Ключевые слова: ценностное отношение, релятивизм, научное познание, истина, объективность, сущее, научная рациональность, аксиология, практика.
Поиск смыслов человеческого существования предполагает переплетение гносеологических и морально-нравственных суждений, интенциональности, воли и веры. Такому поиску противостоят: когнитивный релятивизм, утверждения абсурдности существования и нравственный нигилизм современного общества — все эти признаки «рабского сознания» (по Гегелю), для которого мир расщеплен и обесценен, ибо раб не имеет собственной цели, а значит, и смысла существования. Мы согласны со словами Н.С. Автономовой, утверждающей, что связанный с релятивизмом «скептицизм, как бы мы его ни трактовали, обрекает нас на пассивную позицию, потому что разъедает нашу способность к действию» [1, с. 298]. Мы наблюдаем, как в наше время проваливается социальная практика мультикультурализма и абсолютизации толерантности к культурным различиям. Причина этого провала — в искусственном обособлении жизни различных национальных и социальных групп от общей цели, «национальной идеи», что неизбежно приводит к обострению противоречий внутри общества, к национальной сегрегации. Примером деструктивности мультикультурализма может служить разделение Советского Союза по «национальным квартирам», ставшее одной из причин трагедии развала СССР, сопровождавшейся многочисленными жертвами. Так же и в науке — попытки спрятаться от прогресса в развитии научного познания ведут к застою и догматизму. Изменение форм познания неизбежно, но важно понимать и сохранять общую для всех ученых содержательную основу их взаимодействия на основе приоритета истинности познания. Диалог и конкуренция научных парадигм выступают «как уважение к чужой позиции в сочетании с установкой на взаимное изменение позиций в результате критического диалога» [6, с. 31]. В отечественной философии проблему релятивизма одним из первых поднял В.И.Ленин.

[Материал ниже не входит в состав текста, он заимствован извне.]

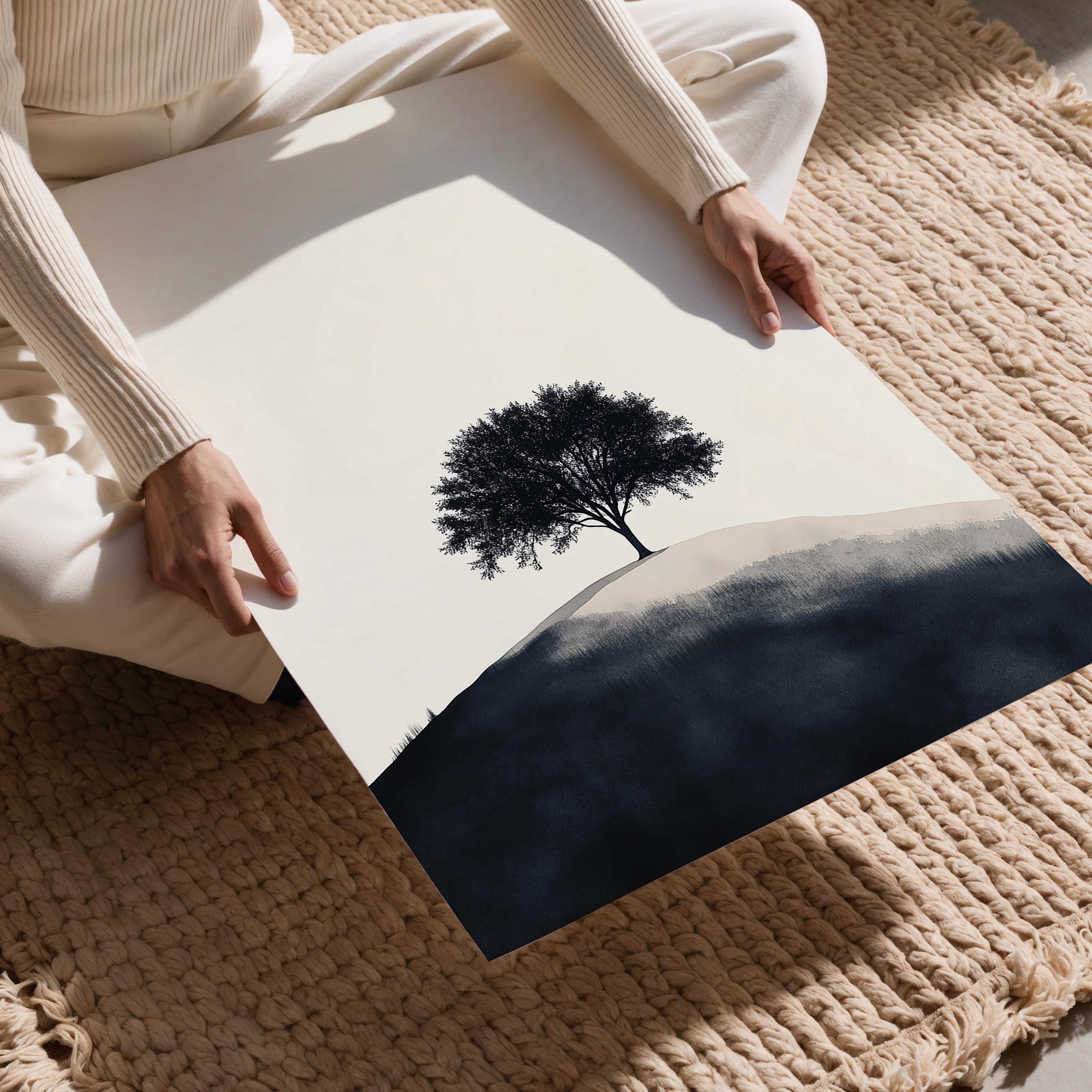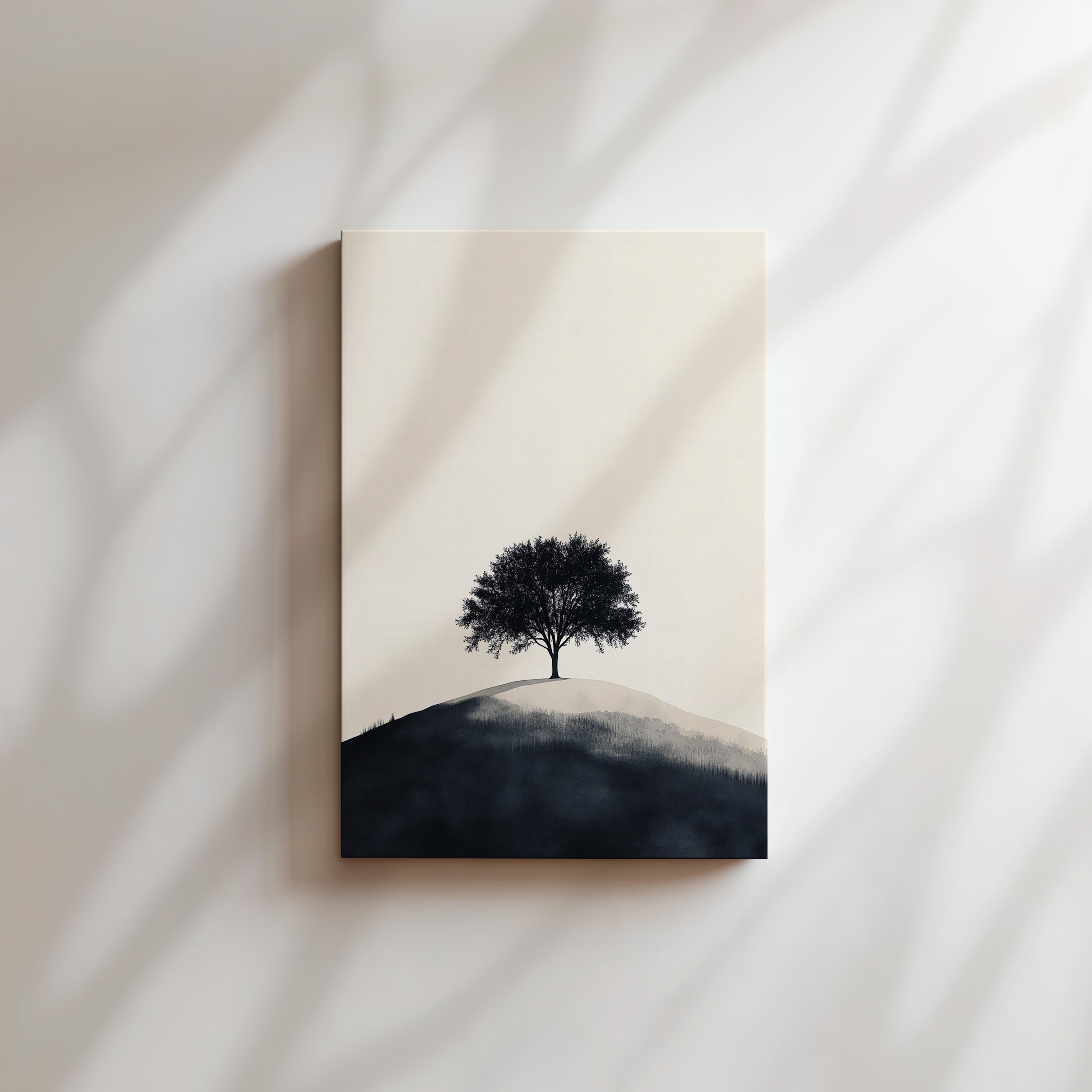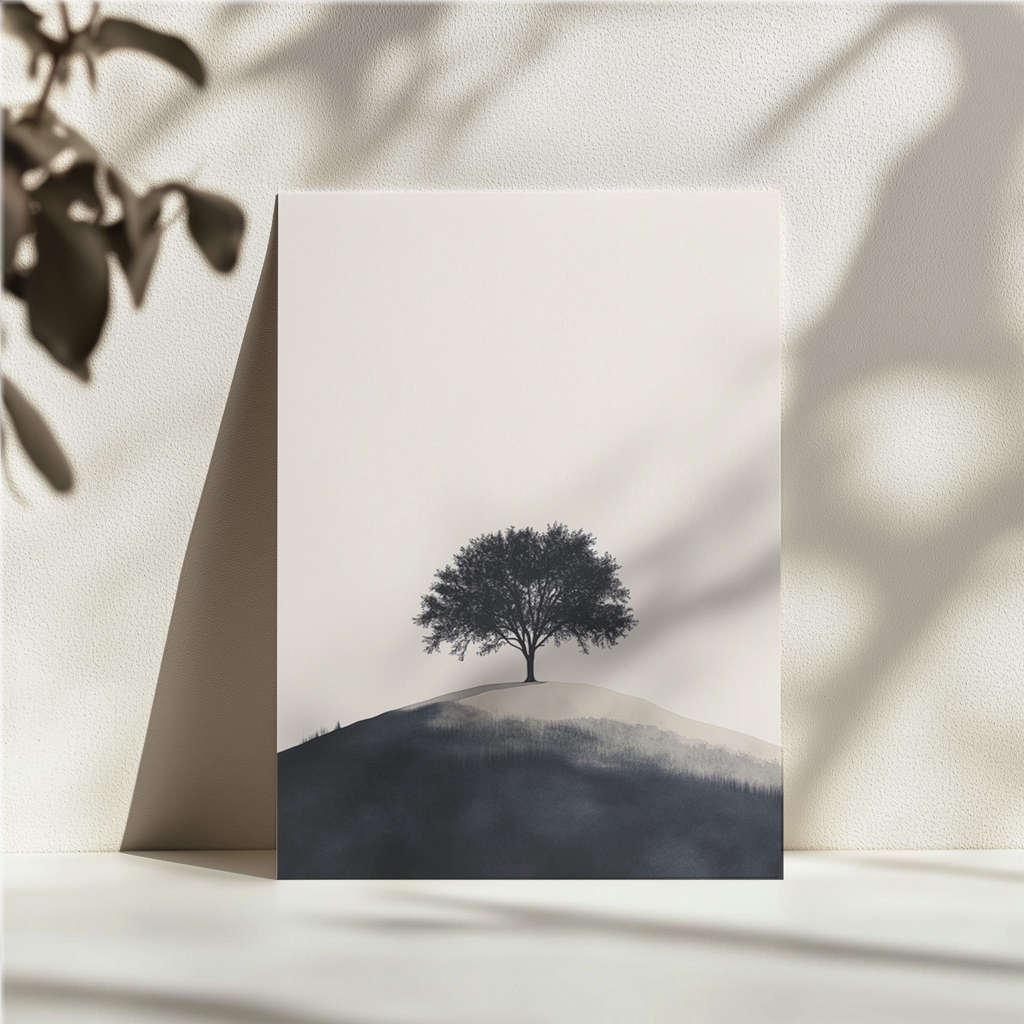 A minimalist and serene illustration of a single tree standing on a gentle hill, surrounded by a soft, atmospheric backdrop. This piece symbolizes solitude, resilience, and natural beauty, making it perfect for tranquil spaces like bedrooms, studies, or meditation areas. Its clean design and monochromatic palette allow it to blend seamlessly with modern or rustic decor, inviting viewers to reflect and find peace.

Критикуя махизм, он заметил, что «положить релятивизм в основу теории познания, значит неизбежно осудить себя либо на абсолютный скептицизм, агностицизм и софистику, либо на субъективизм» [7, с.139]. Перед философией встала задача анализа истоков экзистенциального кризиса современного общества, истоков нигилизма и господствующего в обществе скепсиса по отношению к нормам морали и истинного познанию.
Гуссерль видел причину отчуждения «жизненного мира» в науке Нового времени в отказе от поисков жизненных смыслов. «Галилей абстрагируется от субъектов как личностей с их личной жизнью, от всего духовного в каком бы то ни было смысле… только с Галилеем впервые вступает в свет идея природы как реально замкнутого в себе мира тел… [Замкнутый в себе телесный мир] расслаивается, так сказать, на два мира: природу и душевный мир» [4, с. 89]. Вопросы о ценностях и смыслах были отнесены в сферу «анонимности» [4, с. 155].Это критика декартовской онтологии, разрывающей бытие на две независимые субстанции и объявляющей ненаучными любые попытки установить их сущностную праксеологическую взаимосвязь. «Соотнесенность схемы деятельности и выявляемых в ее рамках фундаментальных характеристик исследуемой реальности была и в классической науке. Только там она выступала в скрытом виде. Доминирующими оставались представления прямолинейного онтологизма» [10, с. 280]. Картезианская метафизика предполагает выносящую суждения, отдельную от сущего мыслящую субстанцию — абсолютного субъекта, «точку зрения Бога». «Субъект» искусственно отрывался от сущего, а под истиной стали понимать верифицируемое в опыте представление «субъекта» познания. «Субъект» стал «мерой всех вещей», что и послужило, на наш взгляд, основой для укоренения релятивизма в науке Нового времени. Объявление абсолютной истиной, например, ньютоновской физики означало отождествление природы с определенной теоретической конструкцией, что, во-первых, ограничивало дальнейшее развитие физики как науки и, во-вторых, представляло ложным любое утверждение, противоречащее ньютоновской концепции, то есть истинность ставилась в зависимость от теории, а не от сущего. Борясь с «метафизикой», естествоиспытатели Нового времени создали, пожалуй, самую абстрактную философскую доктрину, из-за своей простоты и близости к «естественной установке» сознания оказавшуюся крепко укорененной в умах ученых.
В.А. Лекторский перечисляет следующие признаки релятивизма: 1) отрицание существования истины как чего-то независимого от того или иного концептуального каркаса; 2) отрицание общезначимых стандартов рациональности; 3) отрицание самого существования реальности как независимой от определенной понятийной конструкции [6, с. 3]. Научная рациональность запрещает произвольно обращаться с сущим. Достижение результата научной деятельности опирается на выработанную наукой общую структуру научной рациональности, наиболее адекватно описывающую «положение дел» с сущими. Общезначимые нормы рациональности остаются инвариантным кросспарадигмальным содержанием и в период смены научных парадигм.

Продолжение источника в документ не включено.